_Supplied material_:
※ ※ ※

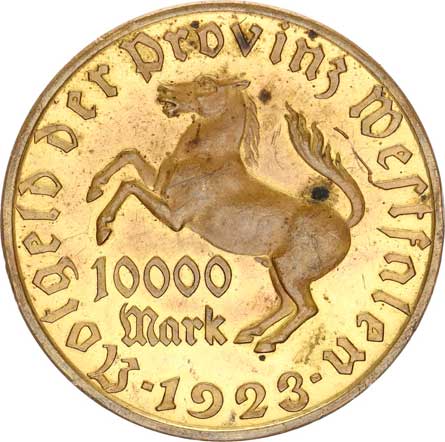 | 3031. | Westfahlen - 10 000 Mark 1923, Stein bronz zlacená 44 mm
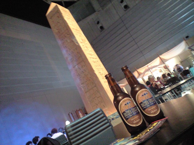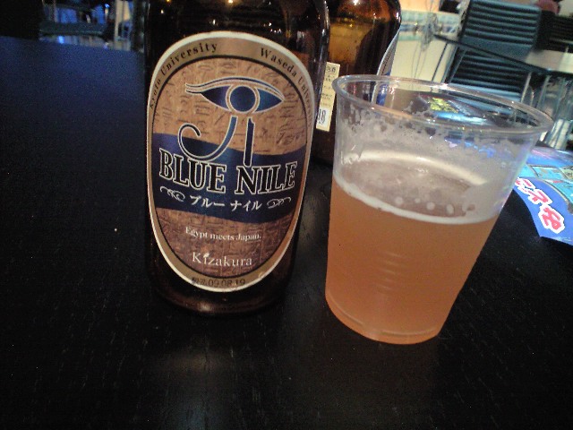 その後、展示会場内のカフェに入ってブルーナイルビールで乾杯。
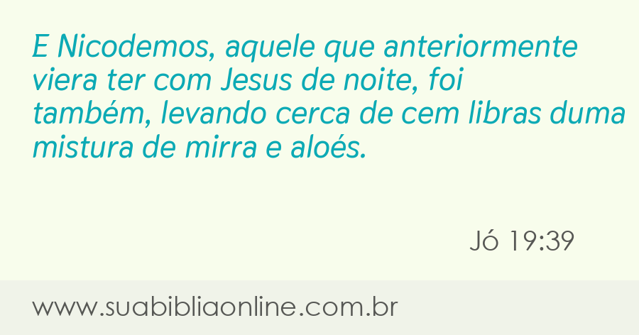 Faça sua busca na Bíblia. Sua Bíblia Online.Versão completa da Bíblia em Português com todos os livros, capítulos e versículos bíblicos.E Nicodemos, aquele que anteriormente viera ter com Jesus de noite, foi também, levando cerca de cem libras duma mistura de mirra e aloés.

※ ※ ※

Nothing but the text is wanted: repeat the data above exactly, without its images.

_Output of the task_:
 | 3031. | Westfahlen - 10 000 Mark 1923, Stein bronz zlacená 44 mm
 その後、展示会場内のカフェに入ってブルーナイルビールで乾杯。
 Faça sua busca na Bíblia. Sua Bíblia Online.Versão completa da Bíblia em Português com todos os livros, capítulos e versículos bíblicos.E Nicodemos, aquele que anteriormente viera ter com Jesus de noite, foi também, levando cerca de cem libras duma mistura de mirra e aloés.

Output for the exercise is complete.